=== Your task ===
Give the data below again exactly as written, but without the pictures.
The data: Begin
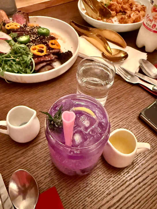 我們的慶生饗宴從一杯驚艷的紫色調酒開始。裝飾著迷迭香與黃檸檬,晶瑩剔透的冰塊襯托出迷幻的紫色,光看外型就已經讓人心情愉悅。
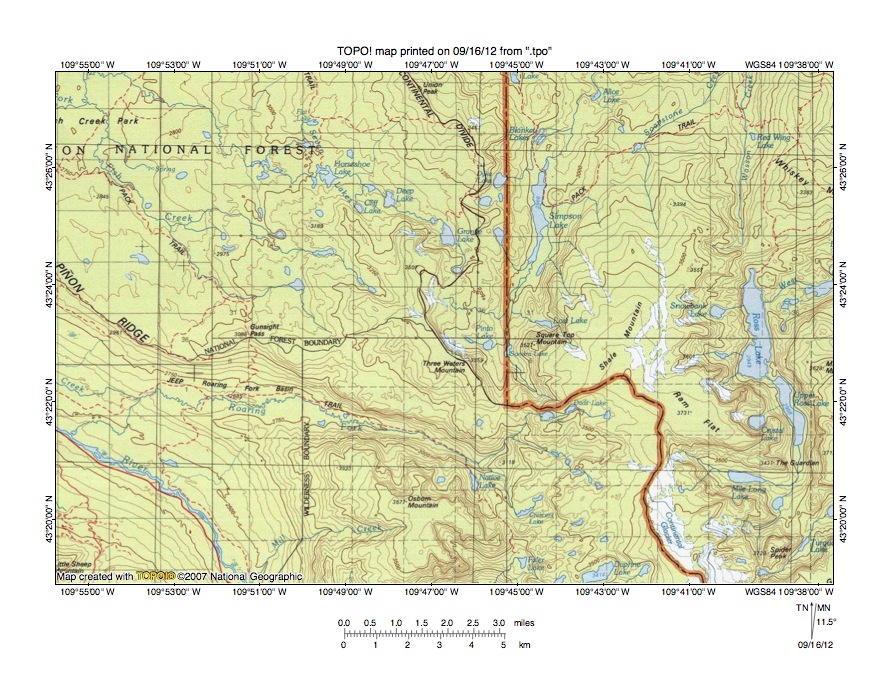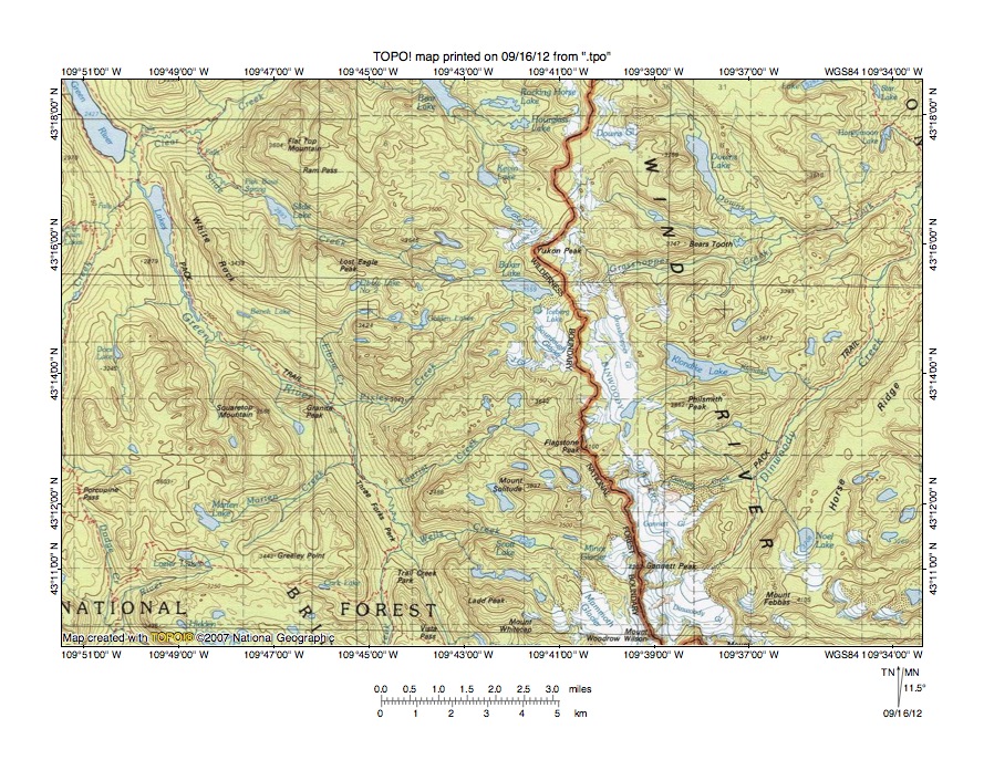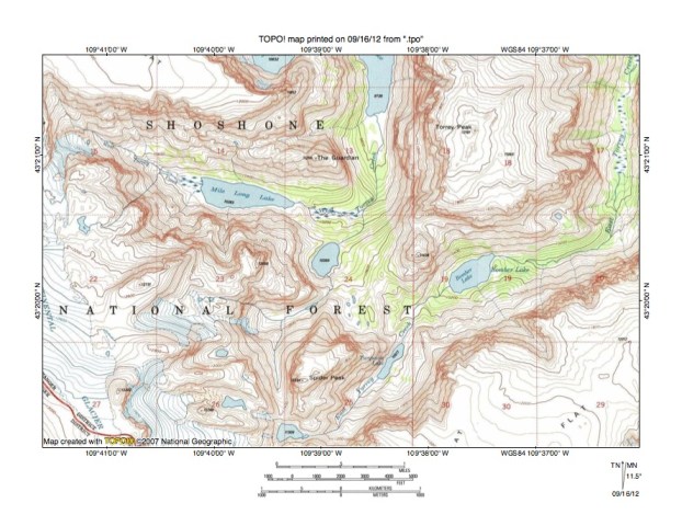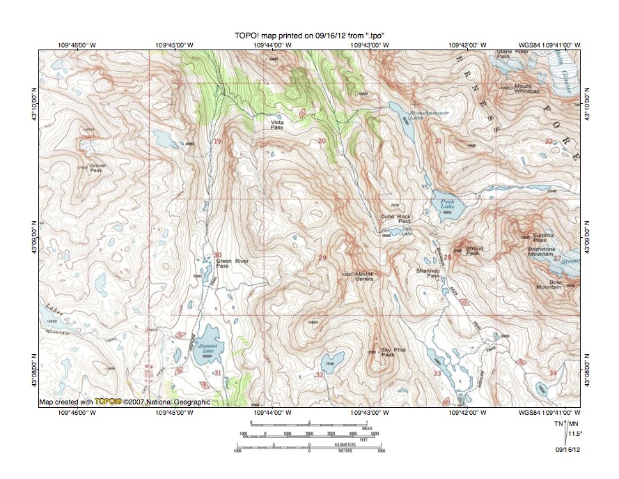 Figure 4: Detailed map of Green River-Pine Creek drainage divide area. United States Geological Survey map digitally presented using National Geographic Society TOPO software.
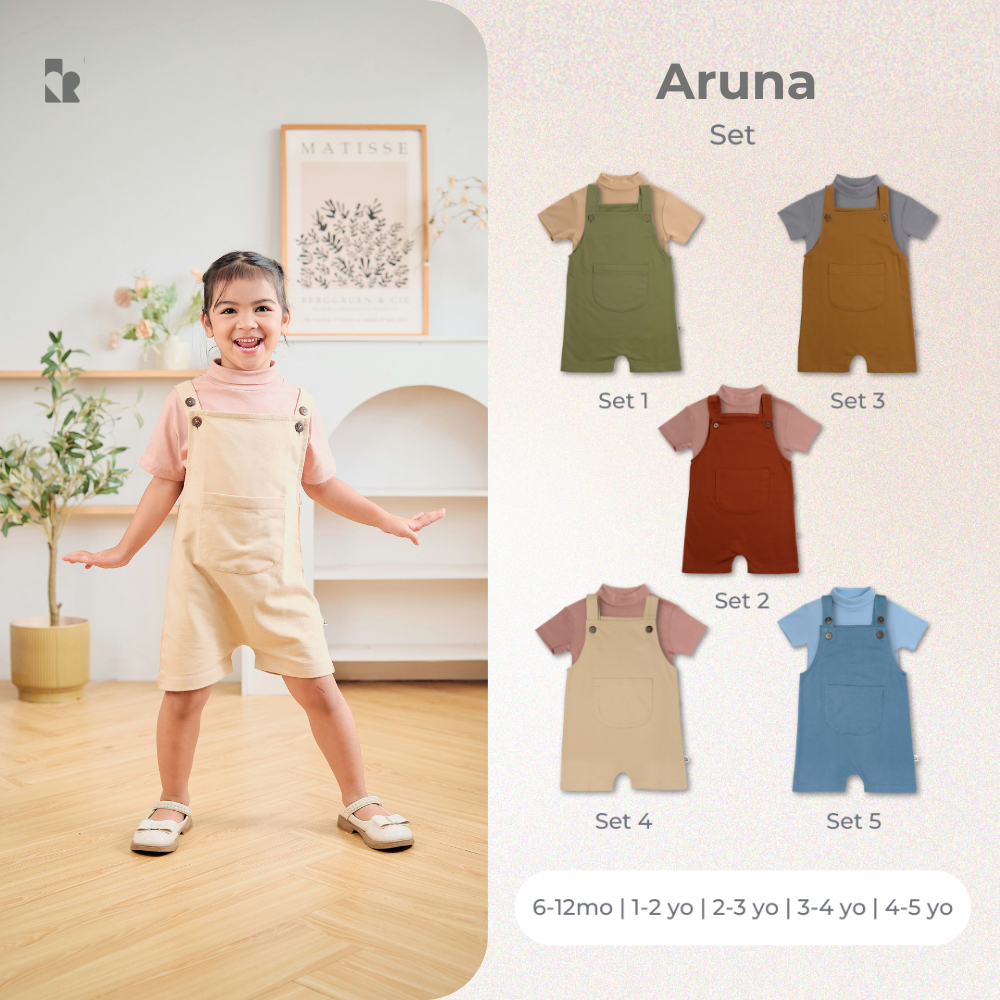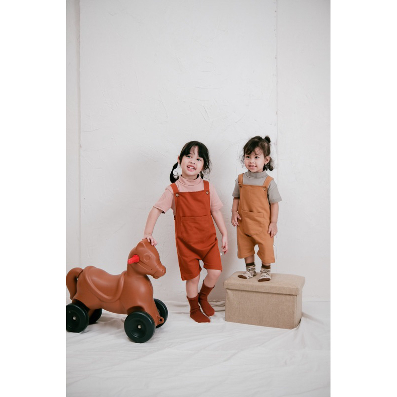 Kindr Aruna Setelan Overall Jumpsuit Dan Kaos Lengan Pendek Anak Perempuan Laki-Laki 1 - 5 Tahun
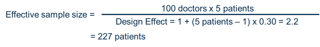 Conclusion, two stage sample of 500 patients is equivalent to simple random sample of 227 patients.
The data: End
=== Answer area ===
 我們的慶生饗宴從一杯驚艷的紫色調酒開始。裝飾著迷迭香與黃檸檬,晶瑩剔透的冰塊襯托出迷幻的紫色,光看外型就已經讓人心情愉悅。
 Figure 4: Detailed map of Green River-Pine Creek drainage divide area. United States Geological Survey map digitally presented using National Geographic Society TOPO software.
 Kindr Aruna Setelan Overall Jumpsuit Dan Kaos Lengan Pendek Anak Perempuan Laki-Laki 1 - 5 Tahun
 Conclusion, two stage sample of 500 patients is equivalent to simple random sample of 227 patients.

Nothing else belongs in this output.